Do I Have to Go to Court to Resolve a Business Dispute?

When a business dispute arises, owners typically want to resolve it quickly, and they don't want to spend too much money to do so. This can seem impossible to do if your case goes to court, and indeed litigation can be the most time-consuming and expensive way to resolve a dispute.

Because of this, many business owners prefer alternatives to litigation. In California, there are numerous alternatives that can be worth considering.

Mediation and arbitration are two of the most common forms of alternative dispute resolution, or ADR. While they both allow parties to keep cases out of court, they are distinctly different methods.


Rather than putting their faith in the decision of a judge, jury or arbitrator, mediation is an informal process in which the parties retain control of their own destiny by attempting to reach a mutual resolution with the assistance of a retired judge or attorney specializing in the area of law involved in the dispute. While the mediator aids with communication and unbiased case evaluation, the parties will ultimately reach an agreement (or not) themselves. Mediation may not be a realistic option for highly contentious or complex cases, or cases in which one party feels so strongly about their case that they are unwilling to compromise in any manner.

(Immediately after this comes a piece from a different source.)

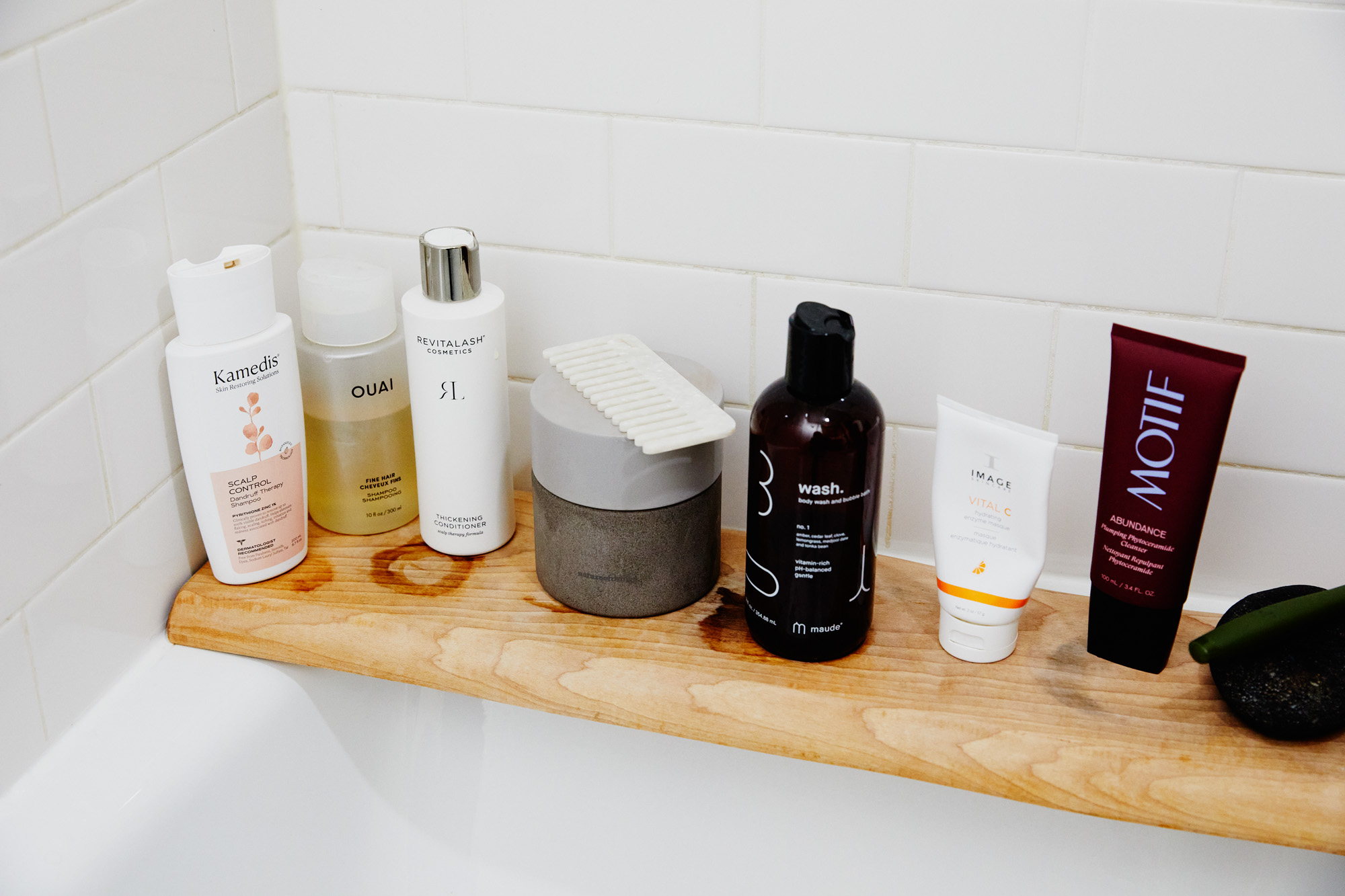 I love AmLactin for my feet. I’ll slap it on, put socks on, and when I wake up, it looks like I got a pedicure. It’s so much better than any of these new body lotions I’m seeing. I mean, no offense and good for them, but I don’t need anyone to millennialize bodycare for me. In the shower, I’ll rotate through my body wash, but right now, I’m using Maude Body Wash No. 1, which is nice because it’s pH-balanced and pretty gentle.

Arbitration also involves a neutral third party - an arbitrator - but here the arbitrator acts as a judge and conducts the hearing similar to a judge in court. The arbitrator makes a final decision (without the use of a jury) whose decision is usually final absent vert limited exceptions. While it is quite similar to a court trial, theoretically it moves the case toward resolution much more quickly and is typically more accommodating to everyone's schedule. On the flipside, arbitrations can be very expensive and usually preclude an appeal process.

These and other forms of ADR, which include settlement conferences and neutral evaluation, give disputing parties the opportunity to settle an issue more quickly. Other benefits to ADR include preservation of relationships and confidentiality, which can be important priorities for business owners.

It is important to note that sometimes litigation is unavoidable or necessary. As such, it is important to discuss ADR options as well as the possibility of litigation with an attorney experienced in all areas. With legal counsel, you can pursue the desired outcome and avoid any costly or unnecessary missteps.